CP190 distributes into a distinct pattern called insulator ‘bodies’ (Gerasimova et al., 2007) providing an interaction platform among IBPs through specific chromosomal interactions (Wood et al., 2011). The link between insulator bodies and long-range interactions remains not totally clear, however (Vogelmann et al., 2011), maybe in part because long-range interactions among IBPs are highly dynamic (Wood et al., 2011). The dynamic (dis-) assembly of chromatin hubs has been linked to the RNAPII pausing-elongation switch (Vernimmen et al., 2007; Eskiw and Fraser, 2011). Our data indicate that RNAPII pausing regulated by GAF may serve as a bait for long-range contacts with IBPs (dCTCF or Beaf32) sites. RNAPII pausing regulates the expression of developmentally regulated genes (Hendrix et al., 2008; Lee et al., 2008; Gilchrist et al., 2010) whereas Beaf32/DREF and/or dCTCF mostly regulate active genes controlling cell proliferation (Emberly et al., 2008; Bushey et al., 2009; Gurudatta et al., 2013). In turn, pre-existing long-range contacts may be dynamically regulated through recruitment of transcriptional activators, as recently shown (Jin et al., 2013). Long-range contacts may therefore allow cross-talk between these distinct gene regulatory pathways, depending on insulator-prone functional long-range interactions.

EXPERIMENTAL PROCEDURES

RNAi-mediated depletions, RTqPCR, Deep-sequencing / RNA-sequencing

Drosophila Schneider S2 cells were treated with specific interfering RNAs to knock down Beaf32, dCTCF or control RNA as a mock control essentially as described (see Extended Experimental procedures). Stably transfected cell lines expressing synthetic WT/mutant Beaf in the absence of endogenous Beaf were obtained by neomycin selection (see Extended Experimental procedures). RNASeq analyses were performed using HTseq and DEG/DEseq packages to identify differentially expressed genes (p-value <0.001) from 3 independent replicates (see Extended Experimental procedures).
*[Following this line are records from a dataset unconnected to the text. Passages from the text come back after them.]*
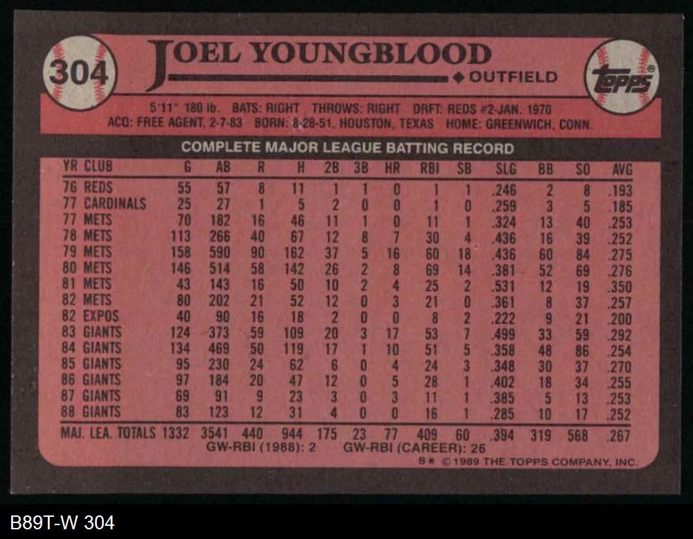1989 Topps #304 Joel Youngblood 8 - NM/MT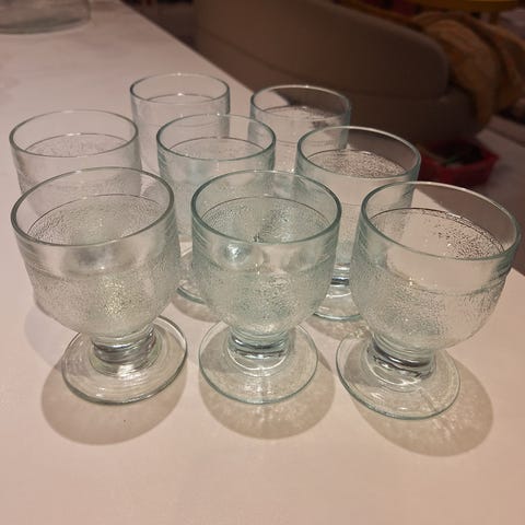 Hyväkuntoiset ja täysin ehjät Riihimäen lasin Pub-lasi ja Lantrinkipullo, kirkkaat. Lasi: halkaisija Ø 6,5 cm, korkeus n. 9,5 cm. Yhteishinta 5 € tai erikseen 3 € kpl.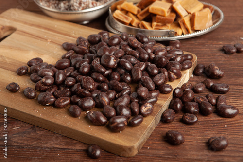 Assortment of delicious chocolate candies background. Chocolate candy isolated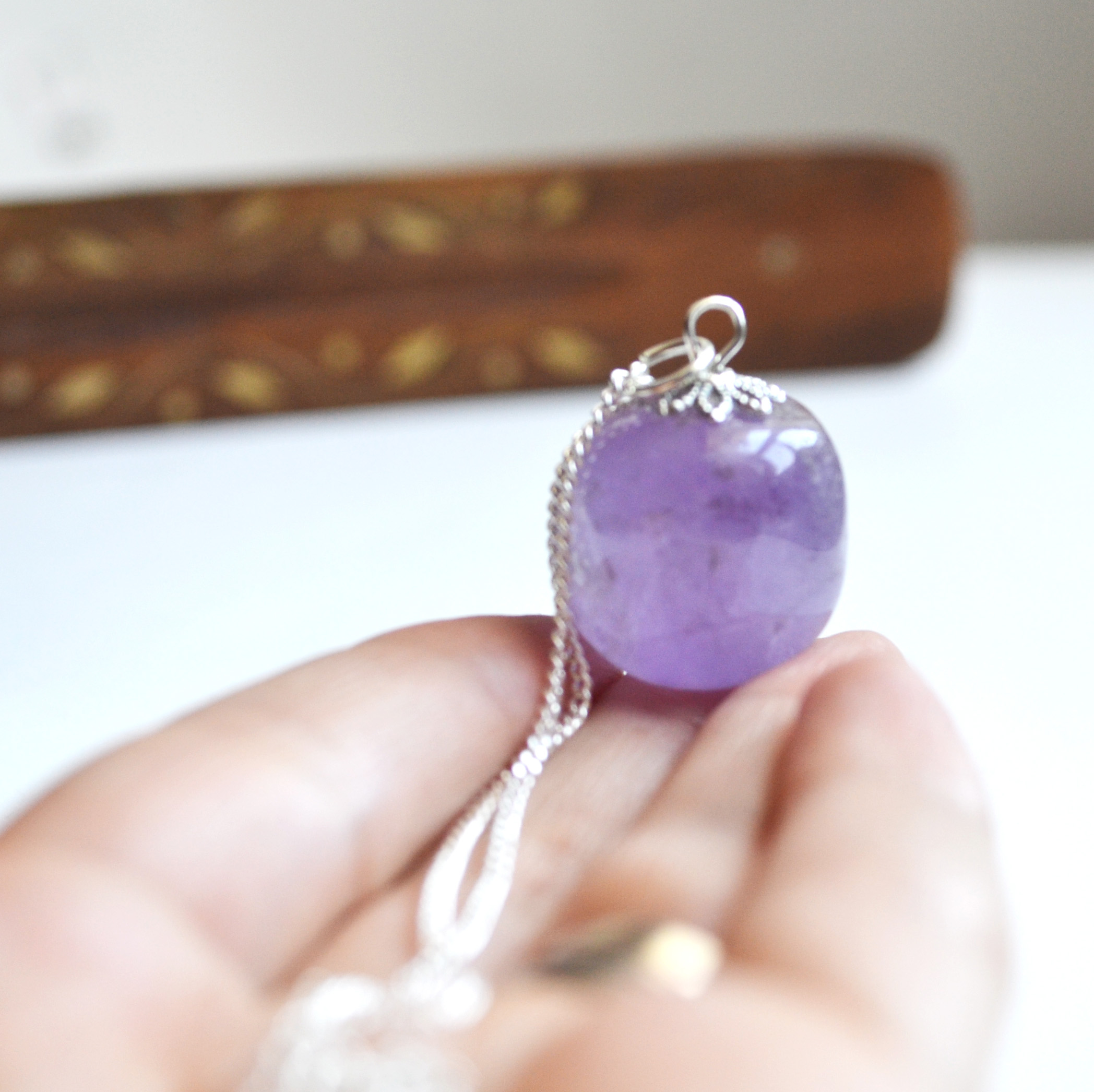 Tumbled Amethyst Necklace, Tumbled Stone Necklace for Her, Purple Stone Necklace for Spring, Canadian Jewelry Shop Simple Stone Necklace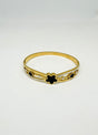 This stainless steel bangle offers timeless elegance and lasting durability. The black floral accents paired with the gold-tone base create a sophisticated contrast, while the crystal embellishments add a touch of sparkle, making it a versatile accessory for any wardrobe.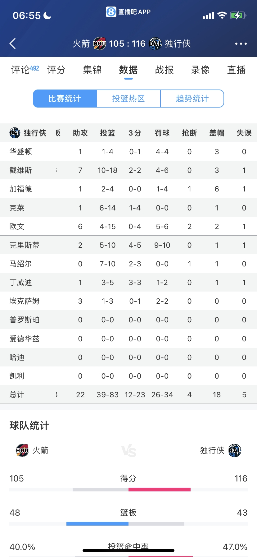 02月09日訊 NBA常規(guī)賽,獨行俠在主場以116-105拿下火箭,送給對手6連敗。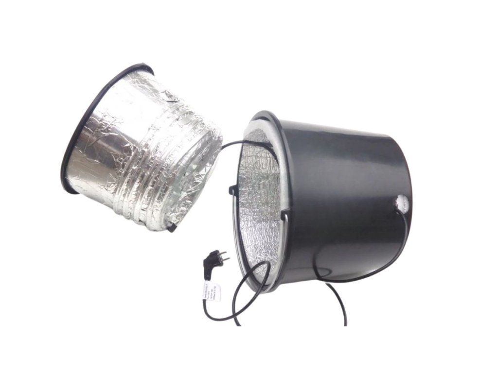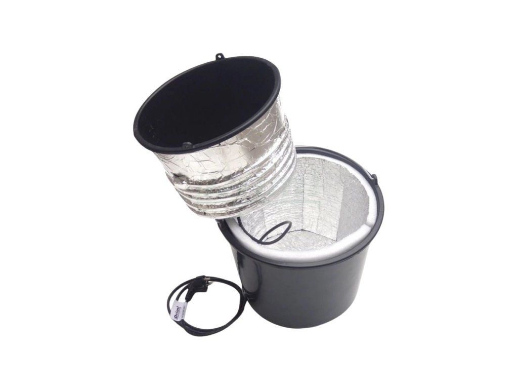 - spirála z topného kabelu je namotána ve spodní třetině kbelíku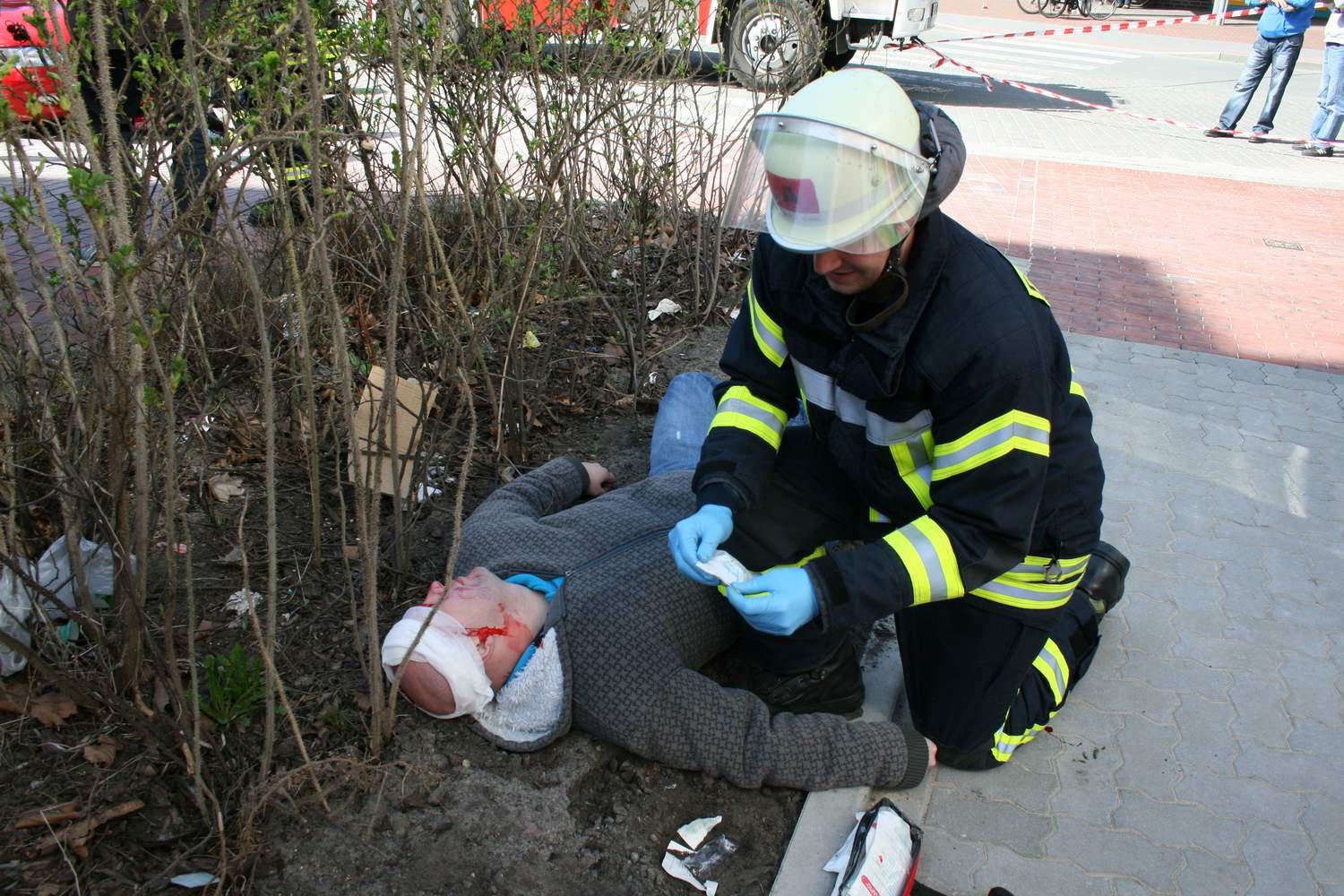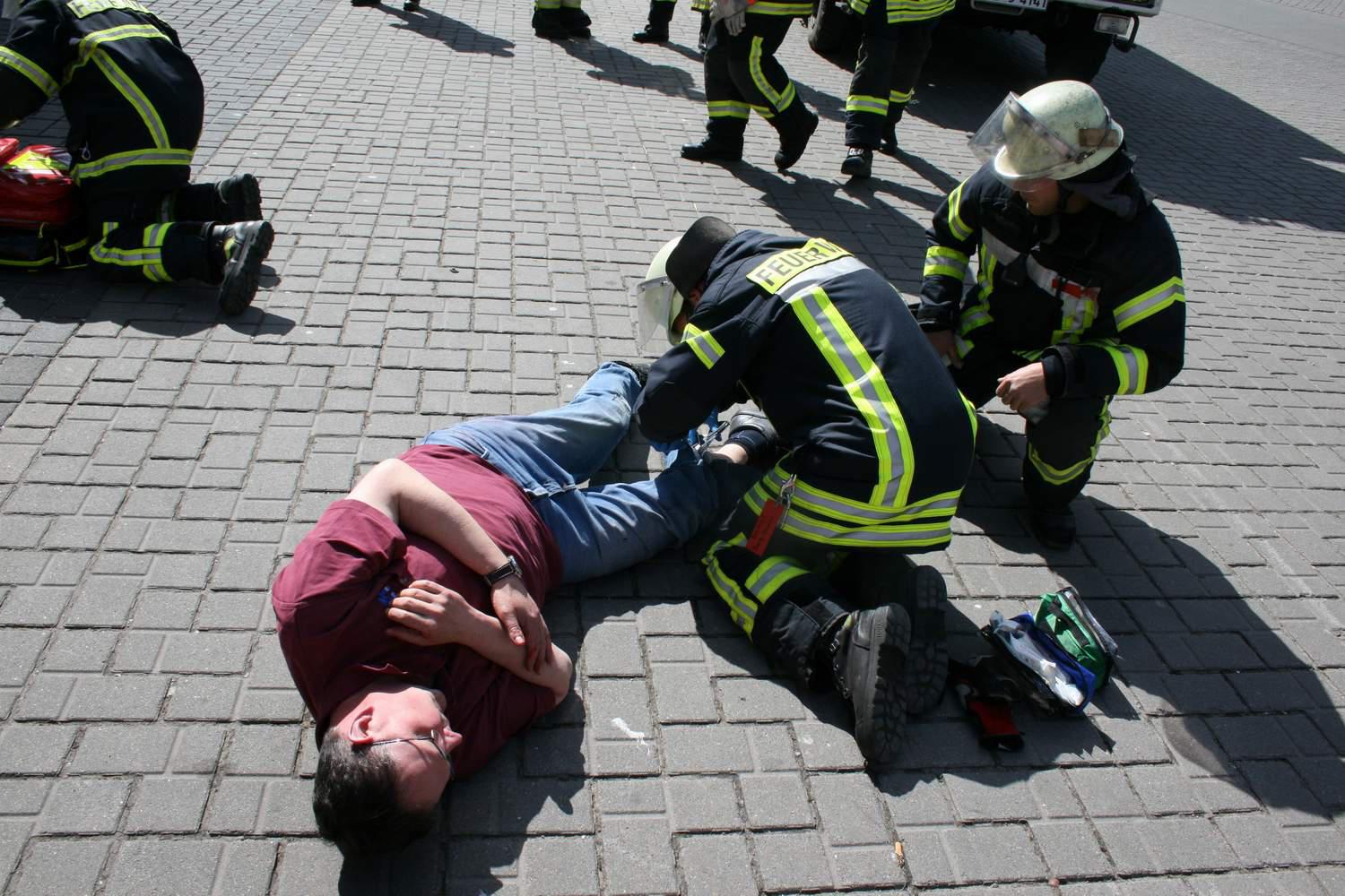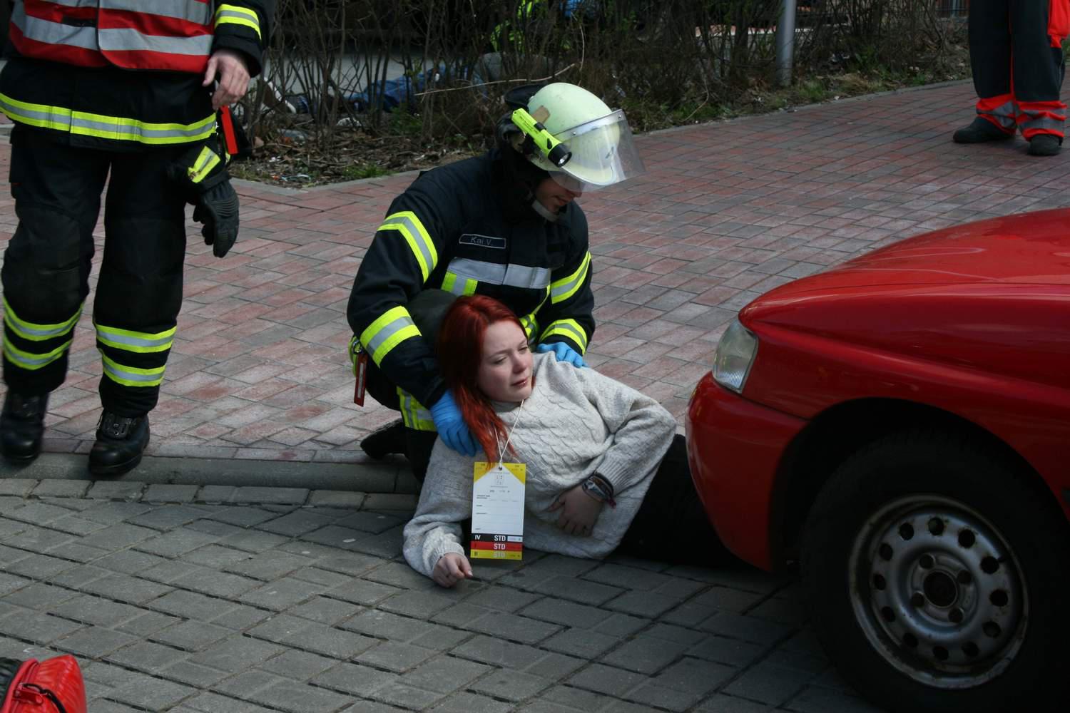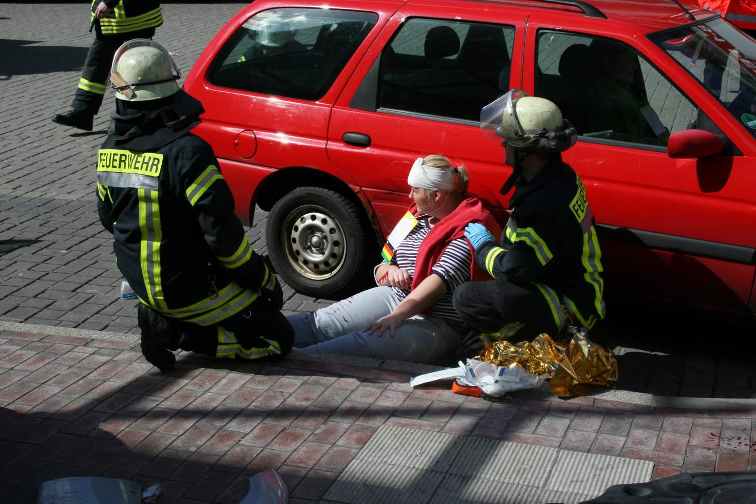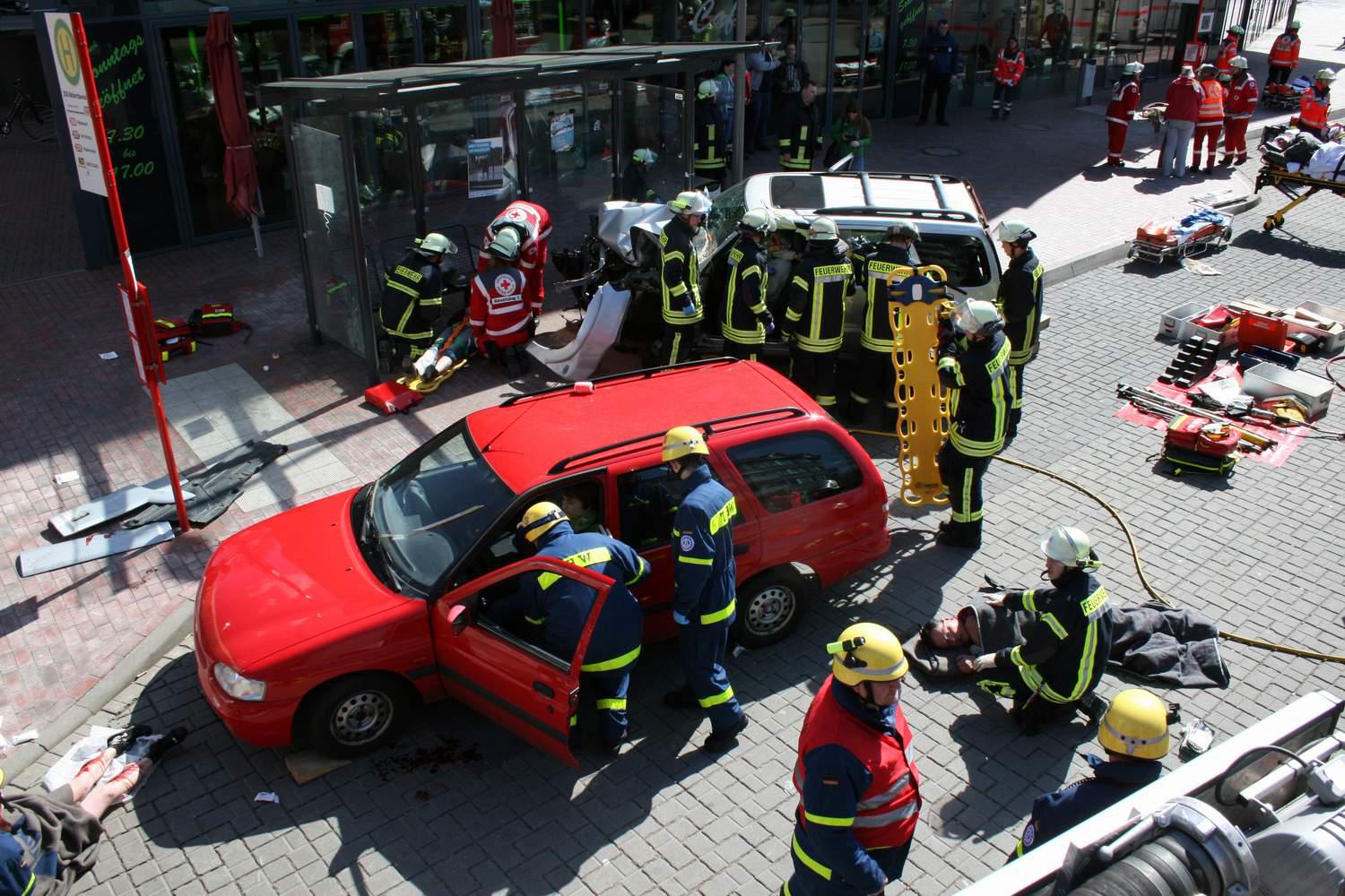 Zu einem schweren Verkehrsunfall musste am Samstagmittag der Zug I der Ortwehr Buxtehude zum Busbahnhof ausrücken. Der Fahrer eines Geländewagens hatte aufgrund nicht angepasster Geschwindigkeit einen weiteren PKW touchiert. Beide Fahrzeuge gerieten ins Schleudern und prallten frontal in eine Menschenmenge an einem Bussteig. Insgesamt zehn Verletzte waren zu beklagen.Beim Eintreffen der ersten Kräfte der Feuerwehr war die Lage zunächst sehr unübersichtlich. Im gesamten Bereich um die Unfallstelle lagen Verletzte. Der Unfallverursacher war in seinem Fahrzeug eingeklemmt. Unter dem zweiten Fahrzeug klemmte eine weitere Verletzte. Eine Person wurde durch den Aufprall über 20 Meter durch die Luft geschleudert. Sie lag schwerverletzt in einer Hecke.Im Gegensatz zu einem normalen Einsatz, wo die Kräfte des Rettungsdienstes meist zuerst an der Einsatzstelle eintreffen, war bei diesem dramatischen Einsatz am Anfang noch kein Rettungswagen vor Ort. So mussten die Einsatzkräfte der Feuerwehr zunächst eine Verletztenversorgung und -betreuung vornehmen. Weitere Unterstützung gab es dabei durch die Kräfte eines Gerätekraftwagens vom Technischen Hilfswerk Buxtehude.Erst im Laufe der Erstversorgung trafen die ersten Einsatzkräfte des Rettungsdienstes an der Einsatzstelle ein. Hierbei handelte es sich um die DRK-Bereitschaft Buxtehude. Kurz nacheinander trafen auch die Bereitschaften aus Drochtersen und Stade ein. Gemeinsam mit Feuerwehr und THW wurden nun die Verletzten versorgt und durch die Rettungswagen ins Krankenhaus befördert.Parallel dazu wurden die beiden eingeklemmten Personen aus bzw. unter dem Fahrzeug von der Feuerwehr befreit. Bei dem Einsatz handelte es sich glücklicherweise nur um eine perfekt inszenierte Übung, ausgearbeitet durch Stephan Glinicki. Für einige Schaulustige schien die Übung allerdings fast zu perfekt, sie wollten als Ersthelfer mit am Szenario teilnehmen. Auch eine Hamburger Polizistin, die zufällig vor Ort war, erkundigte sich, warum denn ihre Buxtehuder Kollegen noch nicht vor Ort wären und ob sie schon einmal mit einer Zeugenbefragung beginnen sollte.

Antibodies, ChIP-Seq (Beaf32, CP190, dCTCF) and Statistical Analyses

Affinity purified anti-Beaf32, dCTCF and -CP190 antibodies were prepared in the lab (see Extended Experimental procedures). For ChIP, chromatin extracts from S2 cells were prepared by sonication of cells cross-linked with formaldehyde as described (see Extended Experimental procedures). The distribution of peaks was analyzed with respect to TSS after ranking peaks according to density of reads (associate or not with promoter/TSSs). CP190 binding sites, ChIP-indirect and direct peaks of Beaf32, dCTCF or GAF were identified as described using ChIP data from S2 cells (see Extended Experimental procedures). ChIP data in transfected cells were analyzed by qPCR and the pyQPCR software (see Extended Experimental procedures).

3C and Hi-C analyses

3C DNA samples were prepared from Beaf32-, CP190- or mock- depleted control S2 cells or from stably transfected cell lines expressing synthetic beaf genes using Taqman technology as previously described (Hagege et al., 2007). Chimeras (ligation product) were measured using Taqman technology after HindIII restriction and proximity enhanced religation. Anchors were chosen at HindIII sites close to Beaf32 peak in tsp39D (2L21342022), between crc and mio (2L21309216 and 2L21309961). Chimera frequencies were calculated relative to the total DNA amount assessed using 3 control regions within the same loci (see Extended Experimental procedures). Genome-wide statistical analyses of Hi-C data (Sexton et al., 2012) were performed as described (see Extended Experimental procedures).

Supplementary Material

1
2
3
4

HIGHLIGHTS.

  • Highly efficient methodology to identify key factors of long-range contacts

  • High resolution of functional long-range contacts within topological domains

  • Synthetic insulator mutants impairing gene expression through long-range distances

  • NELF-regulated RNAPII pausing prone genes to regulation by long-range interactions

Acknowledgments

We thank T. Forné for help and advice regarding 3C, G. Cavalli, T. Sexton and A. Tanay for Hi-C data and/or for suggestions, D. Gilmour for generous gift of anti-GAF antibodies, C. Carles for help with web servers and O.C. lab members including E. Guillou for RNAi and K.Z. lab members for performing Hi-Seq (A. Barski and K. Cui). K.Z’s lab was supported by the Division of Intramural Research Program of the National Heart, Lung and Blood Institute, NIH. M.N.‘s lab was supported by the European Research Council (Starting Grant 260787 to M.N.), E.E’s lab by NSERC and the Canadian Institute For Advanced Research (CIFAR). O.C.’s lab was supported by a grant of the ANR, the ARC cancer research funding and of the CNRS-Inserm ATIP-AVENIR program.

Abbreviations

RNAPII / Pol II

RNA Polymerase II

Beaf

Boundary Element-Associated Factor

GAF

GAGA Factor

dCTCF

Drosophila CCCTC-binding protein

3C

Chromosome Conformation Capture

CP190

Centrosomal Protein 190

NELF

Negative Elongation Factor

IBPs

Insulator-binding proteins

ChIP-indirect peaks

Chromatin immunoprecipitation indirect peaks

Footnotes

ACCESSION NUMBERS

Raw sequencing data are available at the NCBI Sequence Read Archive (accession number: GSE52887).

SUPPLEMENTARY INFORMATION

Supplemental information includes seven figures and six tables.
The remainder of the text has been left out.